RALEIGH — Duke Energy is looking to raise rates on customers in North Carolina once again.
On the heels of rising attacks on the power grid and rolling blackouts caused by cold winter weather, the company is proposing a gradual rate increase to fund billions of dollars of infrastructure improvements.
Duke Energy Carolinas asked North Carolina regulators on Thursday to let it raise residential electricity rates by nearly 18% over three years as part of a broad request to raise revenues from its 2 million customers in the state.
Profits from the rate case initiated by the state Utilities Commission -- the first initiated by the Duke Energy subsidiary since 2019 -- would go in part to make electric grid reliability and security improvements to help collect more power from renewable sources, the company said.
Duke Energy Carolinas’ coverage area spans much of central and western Carolina, including Charlotte, Durham and the Triad.
Channel 9′s Madison Carter looked into the proposal. She learned that while Duke can charge customers to increase reliability and security, it can’t raise rates to pay any fines faced from past failures.
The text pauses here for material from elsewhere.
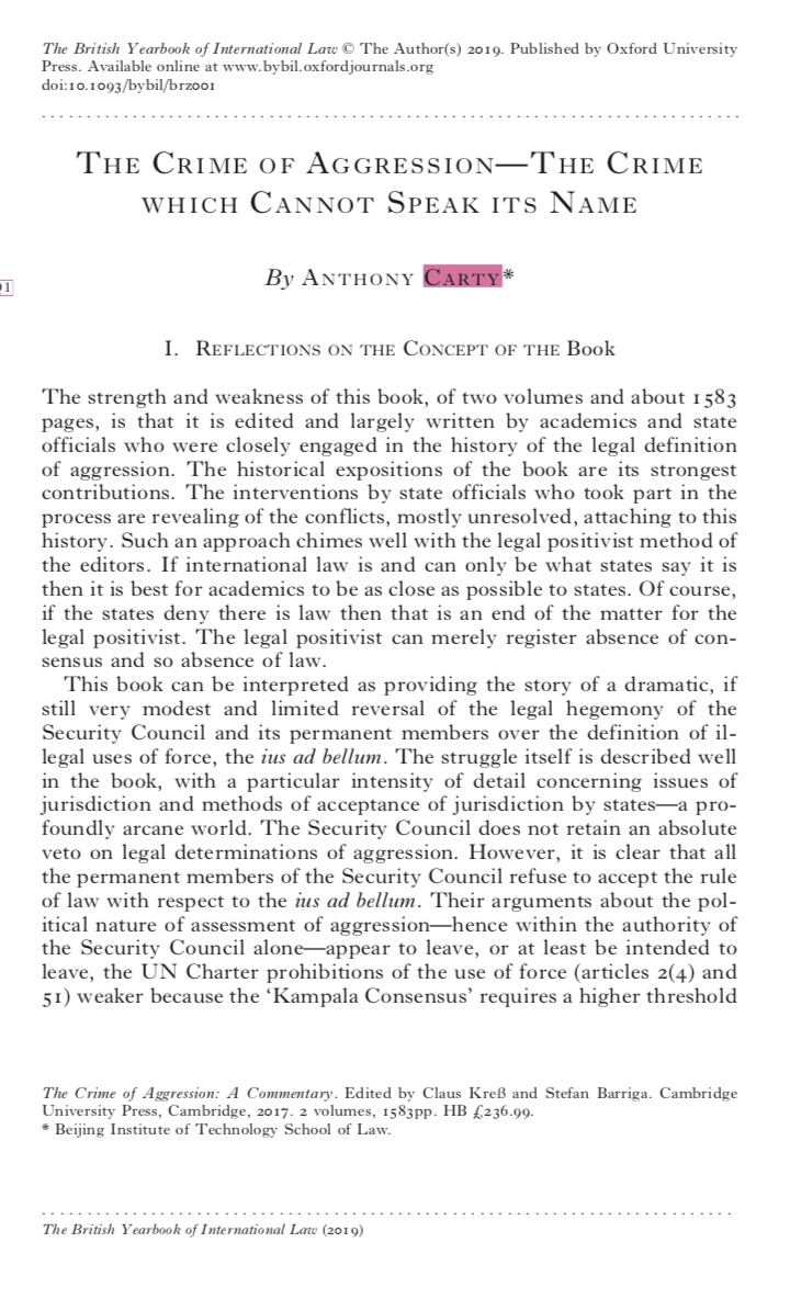 在英國(guó)國(guó)際法年刊上發(fā)表的The Crime of Aggression –The Crime which Cannot Speak its Name一文分析了將侵略罪引入《國(guó)際刑事法院規(guī)約》的法律意義。文章認(rèn)為,安理會(huì)常任理事國(guó)拒絕接受編纂該法律的做法是明智的,否則會(huì)違背《聯(lián)合國(guó)憲章》禁止使用武力規(guī)則。Carty認(rèn)為,國(guó)際社會(huì)有必要重新考慮國(guó)際法的基礎(chǔ),從而克服各國(guó)間彼此感到的巨大焦慮和不安。要維護(hù)世界和平,需要各國(guó)人民重新發(fā)現(xiàn)并對(duì)正義、相互尊重和相互理解達(dá)成共識(shí).

The rate case is similar to one filed in October by Duke Energy Progress, which covers customers in eastern and central North Carolina -- including those in Raleigh, Fayetteville and Wilmington — as well as in and near Asheville. Both companies are subsidiaries of Charlotte-based Duke Energy Corp.
Thursday’s proposal, with annual increases in early 2024, 2025 and 2026, would result in overall cumulative rate increases of 15.7% and 17.9% for residential customers.
A typical Duke Energy Carolinas residential customer would see their monthly bills rise from $115.01 per month to $127.55 starting next Jan. 1, with smaller increases in successive years to $134.63, according to a news release.
That’s about a $12 increase in year one followed by about $3 in hikes in following years. By 2026, the average customer would be paying about $20 more.
The proposal would result in over $820 million in additional net retail revenues by 2026, according to figures from Duke.
As with the Duke Energy Progress case, Thursday’s proposal also includes a new program for low-income customers to reduce their bills and new energy efficiency programs offered to all customers that can lead to savings on bills.
The utilities commission, with its seven members chosen by the governor, decides whether to approve or modify rate requests after holding a hearing and receiving comments from advocacy groups, customers and the commission’s public staff.
Typically, the rates the commission determines to be necessary are lower than Duke’s proposal and the two parties settle in the middle.
The whole process will take about 11 months, so an increase wouldn’t occur until January of 2024.
The rate requests come after Duke Energy substations in central North Carolina were damaged by gunfire in early December, knocking out power to 45,000 customers in Moore County. And hundreds of thousands of customers of the two subsidiaries in North and South Carolina were subjected to rolling blackouts on Dec. 24 during extremely cold weather as power demand soared but supply dwindled.
The Associated Press contributed to this report.